#### [What you will do]
Your answer must be an exact copy of the data, without any pictures.

#### [Data extract]
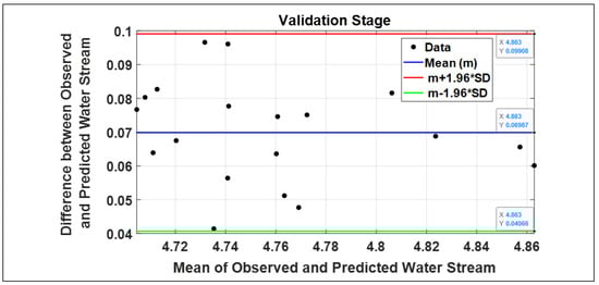 In addition, a Bland–Altman scatter plot was used to scrutinize the agreement of the CPSOCGSA-ANN model. The plot can show the systematic and random differences and the merit of revealing the variation in the results. Figure 10 shows scattered data, suggesting an excellent distribution fit between limits of agreement (100%). Moreover, a further statistical test revealed that the CPSOCGSA-ANN model yielded SI of 0.015, which indicates an excellent outcome. Taken together, these results indicate the relation between the measured and simulated values.
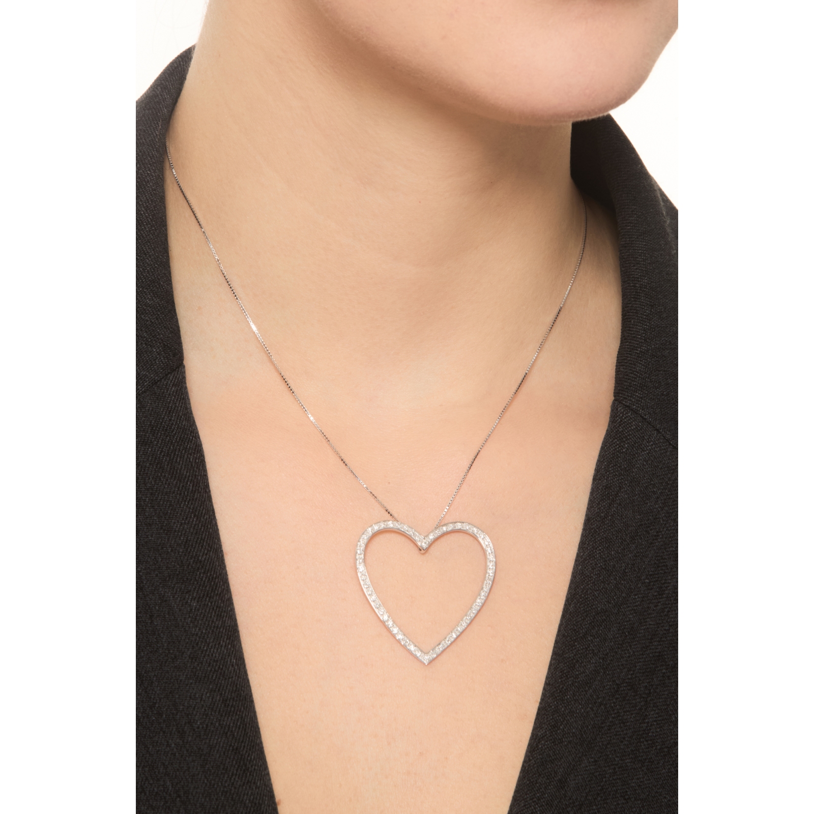 Collier cœur large en or blanc 18K
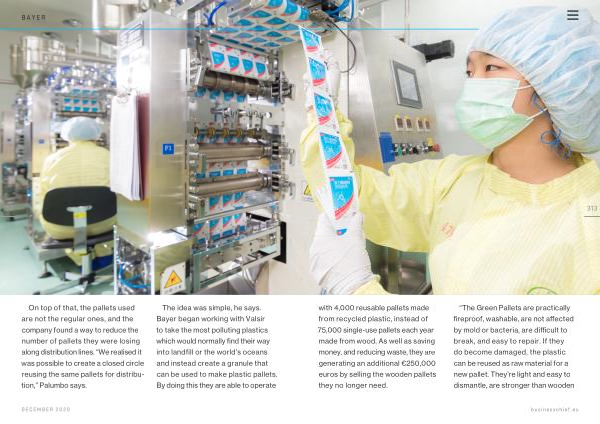 313 with 4,000 reusable pallets made from recycled plastic , instead of 75,000 single-use pallets each year made from wood . As well as saving money , and reducing waste , they are generating an additional € 250,000 euros by selling the wooden pallets they no longer need .
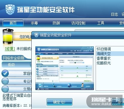 重装后也还是只有3个皮肤,难道瑞星杀毒软件2010只有3套?全功能2010才有4套?
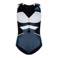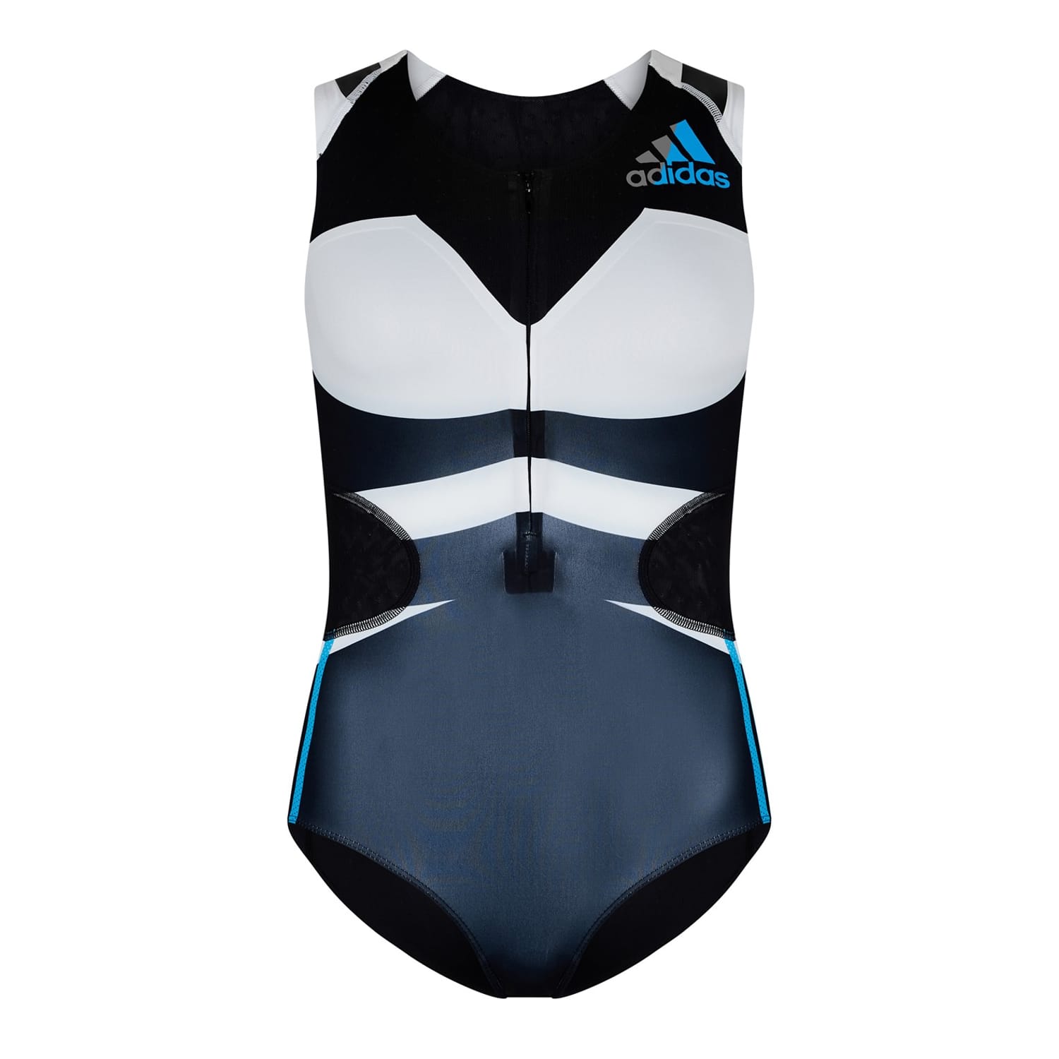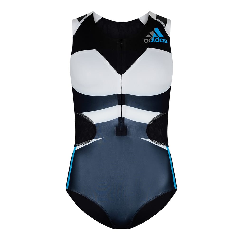 Elevate your activewear wardrobe with this adidas bodysuit. Designed with a crew neck and sleeveless style, it offers a modern color block pattern and slim fit for a sleek look. The added zipper closure ensures ease of wear, while the logo embellishment adds a touch of brand recognition. Ideal for a trendy and comfortable look. -

#### [Exercise answer]
 In addition, a Bland–Altman scatter plot was used to scrutinize the agreement of the CPSOCGSA-ANN model. The plot can show the systematic and random differences and the merit of revealing the variation in the results. Figure 10 shows scattered data, suggesting an excellent distribution fit between limits of agreement (100%). Moreover, a further statistical test revealed that the CPSOCGSA-ANN model yielded SI of 0.015, which indicates an excellent outcome. Taken together, these results indicate the relation between the measured and simulated values.
 Collier cœur large en or blanc 18K
 313 with 4,000 reusable pallets made from recycled plastic , instead of 75,000 single-use pallets each year made from wood . As well as saving money , and reducing waste , they are generating an additional € 250,000 euros by selling the wooden pallets they no longer need .
 重装后也还是只有3个皮肤,难道瑞星杀毒软件2010只有3套?全功能2010才有4套?
 Elevate your activewear wardrobe with this adidas bodysuit. Designed with a crew neck and sleeveless style, it offers a modern color block pattern and slim fit for a sleek look. The added zipper closure ensures ease of wear, while the logo embellishment adds a touch of brand recognition. Ideal for a trendy and comfortable look. -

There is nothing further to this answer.